Beyond everything that coexistence and privacy with a person implies, it is essential not to feel fear and feel insecure. Should be able to speak to the person confidently.
“Confidence gives you peace of mind and favors autonomy, independence, and individuality. You feel good in a relationship when you don’t feel overwhelmed or lost.”
“Although it is worked on and created over time, if you start to distrust, you become a person who has a hard time, and you start to hurt yourself too,” he says. He also highlights that admiration and respect are intrinsic to these concepts.
As long as there are ‘good vibes’, everything goes well. But in the face of difficulties, we can check if someone is worth it or not. Therefore, You should be attentive to how the person reacts to an argument or conflict and to what extent he gets involved in your problems and listens to you when needed.
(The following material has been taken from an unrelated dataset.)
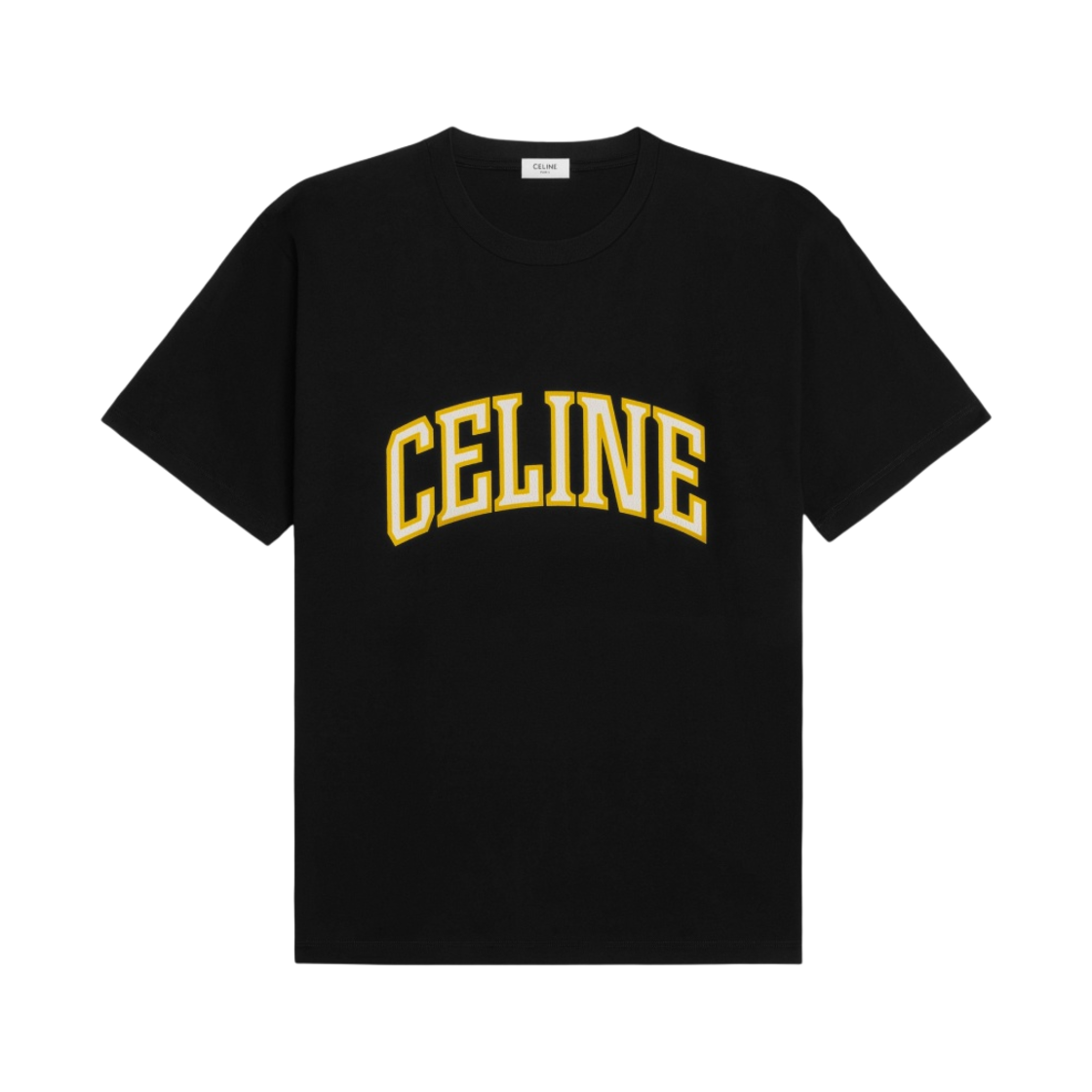 셀린느 코튼 저지 루즈 티셔츠 블랙 골든 옐로우 오프 화이트

“If you always feel like you are giving in, the cup overflows. So to all the couples who come to a consultation with communication problems, we always help them learn to manage conflicts. Nonetheless, people have a lot of beliefs and misconceptions about what communication is,” she continues.
It is usual and reasonable to have different interests since it is a way of complementing each other, but there are limits. For example, it is necessary to share a minimum of hobbies such as a love for movies or sports and specific values and goals in life.
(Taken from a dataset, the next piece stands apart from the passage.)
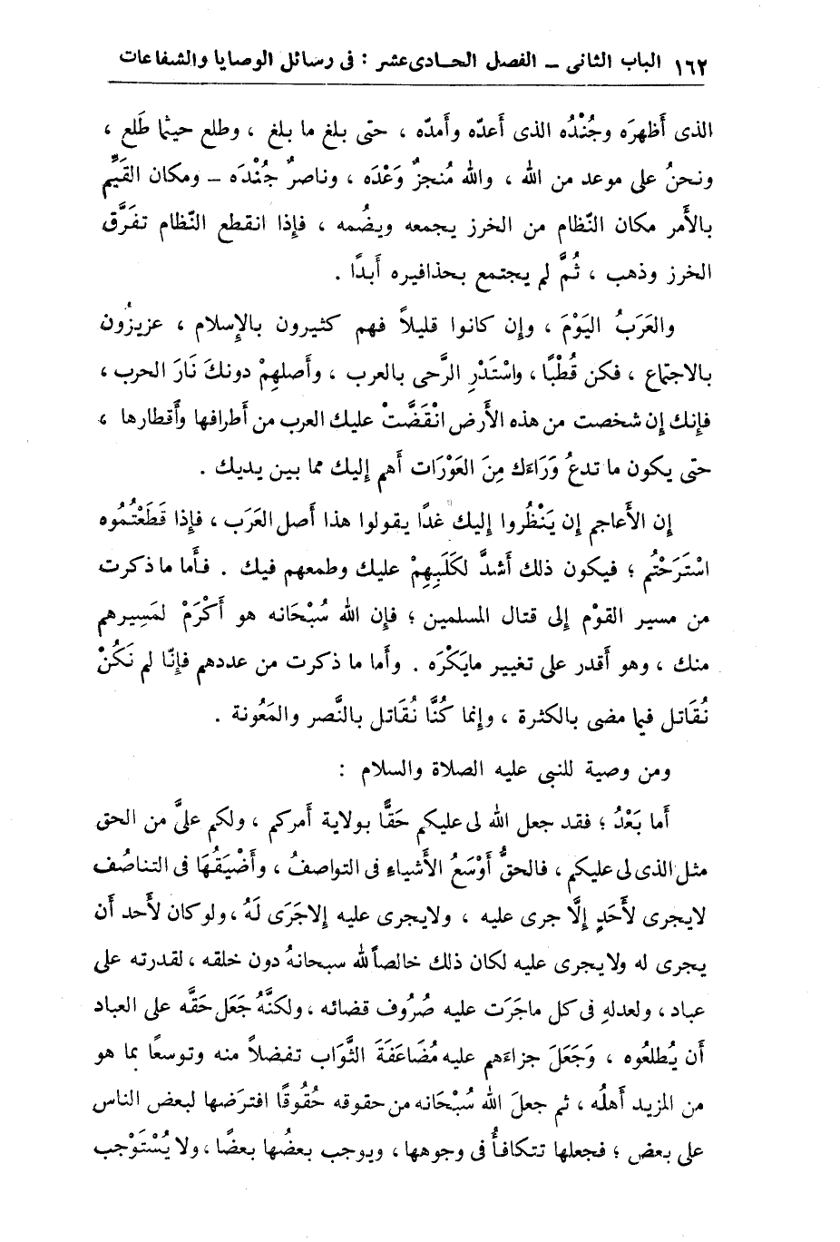 والعرب اليوم وإن كانوا قليلاً فهم كثيرون بالإسلام عزيزون بالاجتماع فكن قطباً واستدر الرحى بالعرب وأصلهم دونك نار الحرب فإنك إن شخصت من هذه الأرض انتقضت عليك العرب من أطرافها وأقطارها حتى يكون ما تدع وراءك من العورات أهم إليك مما بين يديك.

it will depend a lot on the vital moment in which we find ourselves and if the partner we have, fulfils our necessary objectives or not. “You will not have the same goals at 20 as at 30. Squaring them will make the same couple last for a lifetime or break up, and new ones will emerge,” she says.
If these objectives are consistent throughout the stages, the couple remains. “Many people choose a partner to have children. But when the need fulfils, they discover nothing in common,”.
Finding a good man is not that difficult. We should understand Ourselves and the requirements we need. The person’s approach toward difficult situations speaks a lot about the person’s nature. The good man will always look positively and will be calm. There are different perspectives to looking at a good man, and it solely depends on our requirements.